3.1.2 Aquisição de tópico

De Cat (2003) apresenta dados que revelam que as crianças já nos primeiros estágios da aquisição da linguagem têm a competência necessária para codificar tópicos. Ela mostra evidências por meio da produção espontânea de crianças adquirindo o francês falado. Segundo a autora, no francês falado, a associação entre elementos deslocados e a interpretação de tópico é extremamente robusta. Os tópicos são obrigatoriamente deslocados e os elementos deslocados são obrigatoriamente interpretados como tópicos.

Nos dados das crianças, os elementos deslocados foram identificados com base nos seguintes aspectos: a presença de elementos resumptivos, a prosódia e a aparente interrupção da ordem canônica dos constituintes. De acordo com De Cat, a primeira observação dos dados indicou que os elementos deslocados pelas crianças são sempre compatíveis com a interpretação de tópico, mesmo quando a produção não está completamente de acordo com o modelo adulto. Esses elementos expressando tópico apareceram no início da combinação de palavras das crianças. O uso de deslocamentos à direita e à esquerda não apenas se parece com o modelo adulto, como também está em conformidade com seus requisitos: a produção das crianças sugere que elas apenas deslocam elementos indefinidos quando uma interpretação de tópico é permitida e que elas cumprem a exigência de que sujeitos pesados de ILPs (Individual Level Predicates)

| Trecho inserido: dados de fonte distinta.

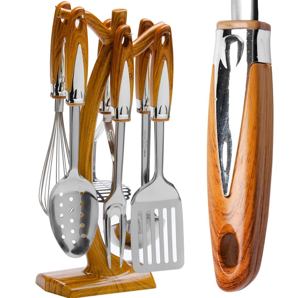 Кухонный набор Mayer&Boch очень удобен в использовании, имеет стильную подставку из пластика, стилизованного под дерево. Все предметы из набора снабжены удобными нескользящими ручками из термопластика, защищающими Ваши руки от ожогов. Высококачественная нержавеющая сталь CrNi 18/10, из которой выполнены рабочие поверхности, идеально подходит для приготовления пищи, предметы набора не окислятся со временем и не испортят вкус Ваших блюд.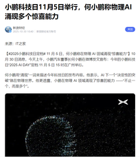 2025年10月30日,小鹏汽车官微发布消息称,将于11月5日在广州小鹏科技园举办小鹏科技日,“与你一同见证‘涌现’的力量。”小鹏汽车进一步表示,当AI跨越数字与现实的边界,未来的轮廓正在——涌现,物理AI的全新篇章,即将开启,让想象,在此刻落地。结合宣传海报来看,小鹏科技日上,小鹏汽车或将推出人形机器人相关产品。 据了解,小鹏汽车是国内较早押注人形机器人的车企,布局可追溯至2020年收购多够机器人成立鹏行智能。2023年成立机器人技术研究院后,其押注力度持续加大,将机器人列为与AI汽车、飞行汽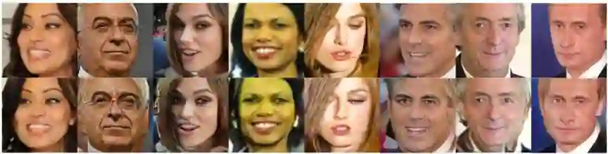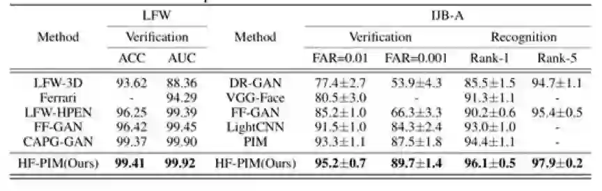 上图在IJBA数据库上的可视化结果,第一行为输入图像,第二行为通过HF-PIM模型进行人脸正面化后的结果。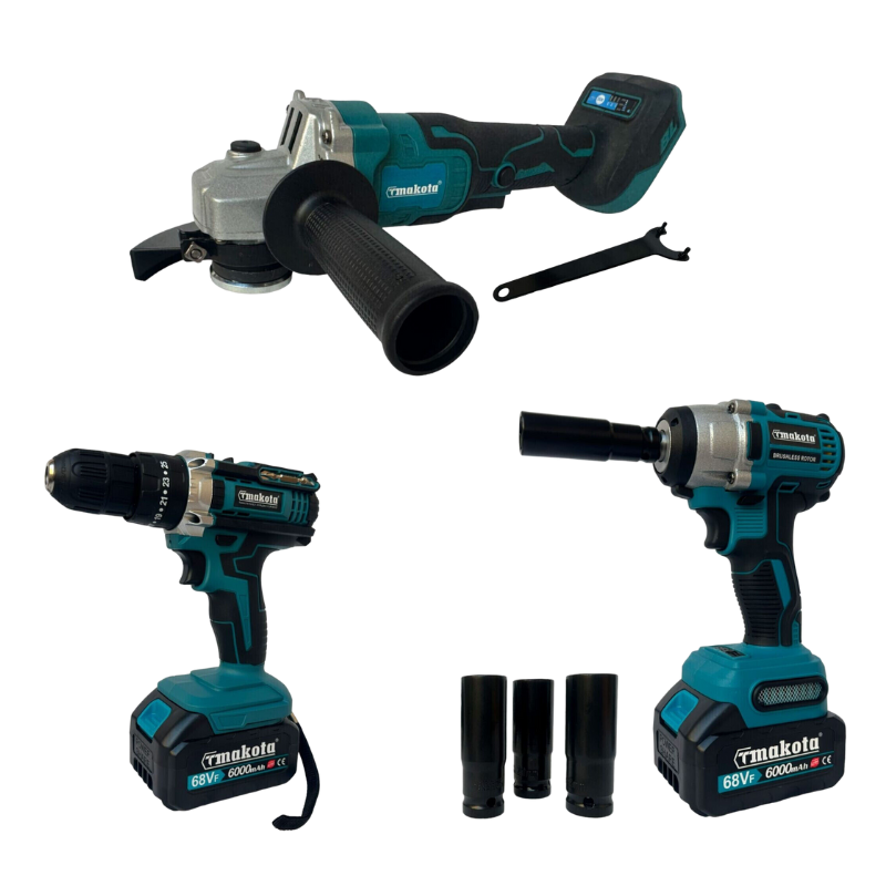 Kit 4 in 1 Trapano, Avvitatore ad Impulsi, Smerigliatrice Angolare, Torcia da Lavoro | Doppia Batteria 68V Kit 4 in 1 Trapano, Avvitatore ad Impulsi, Smerigliatrice Angolare, Torcia da Lavoro | Doppia Batteria 68V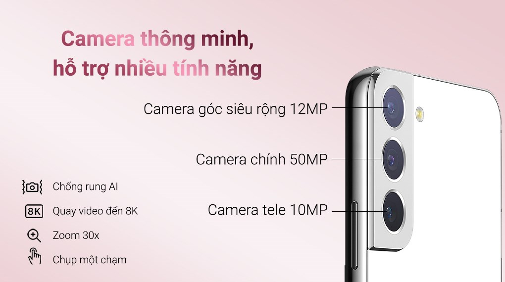 Galaxy S22 mang đến một bước tiến đáng kể về camera. Với camera selfie đục lỗ 10 MP, máy cho phép chụp những bức ảnh sắc nét và nổi bật, đồng thời tái hiện màu da chân thực. Phía sau, thiết bị được trang bị camera chính 50 MP, camera góc siêu rộng 12 MP và camera tele 10 MP, cung cấp khả năng chụp ảnh đa dạng trong nhiều điều kiện khác nhau.

são deslocados, exceto quando estão em foco. Esses aspectos demonstram que as crianças são capazes de identificar e codificar tópicos como no modelo adulto.

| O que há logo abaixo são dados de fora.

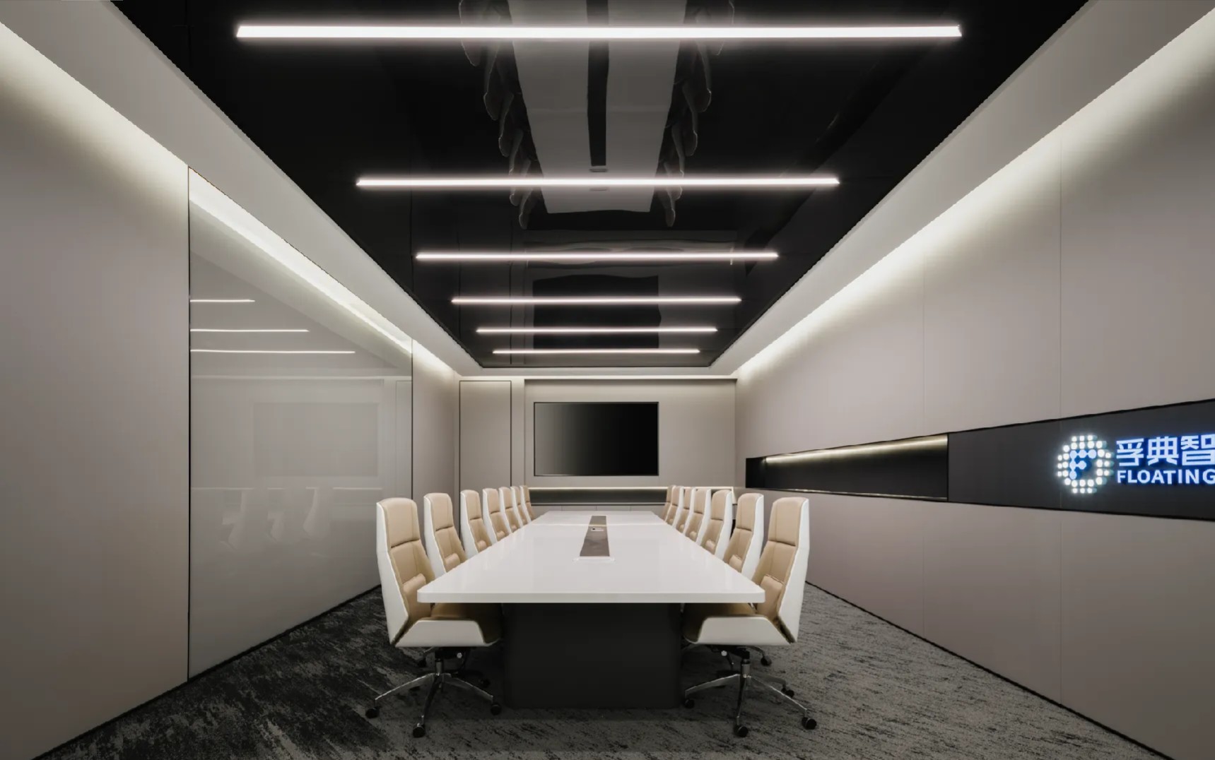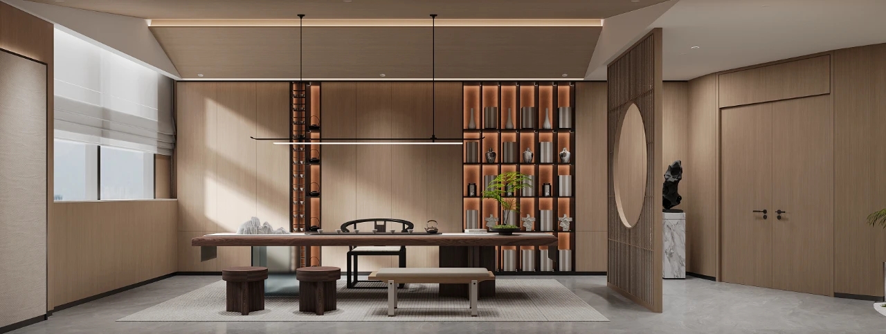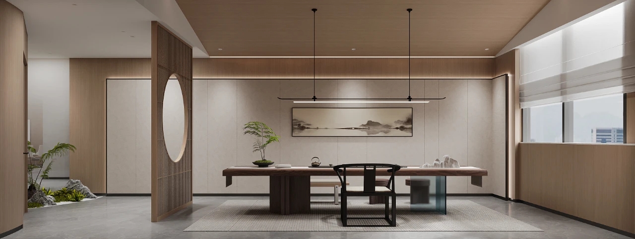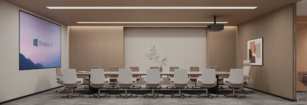 会议室的墙面大面积使用原木色的木饰面作为装饰,灯带的修饰,绿植的陪衬,营造出安闲,轻柔独具匠心的氛围感。

Quanto à língua de sinais, Pichler (2001), conforme mencionado brevemente no capítulo 2, apresenta os dados de uma criança surda que apontam para um uso precoce de topicalização na ASL. A criança em questão (ABY) apresenta uma produção maior de sentenças VO do que as demais crianças analisadas. Seu uso de reordenação morfológica, que gera a elevação do objeto, é pequeno, e sua produção na ordem OV deve ser licenciada por outros fatores e não como resultado de reordenação morfológica.

Estudos anteriores, como Reilly et al (1990), apontam para o uso de topicalização na criança somente a partir dos três anos de idade, quando aparece a marca não-manual típica associada ao tópico. Na produção de ABY, essa marca não aparece; entretanto é possível perceber uma pausa entre o objeto e o resto da sentença. Ao considerar o fato de que a topicalização implica em uma pausa entre o elemento topicalizado e o resto da sentença, Pichler analisa algumas instâncias da produção de ABY como construções de tópico. Apesar de o padrão prosódico de ABY não ser exatamente o mesmo do adulto, percebe-se que ela está marcando a topicalização de forma consistente por meio da prosódia.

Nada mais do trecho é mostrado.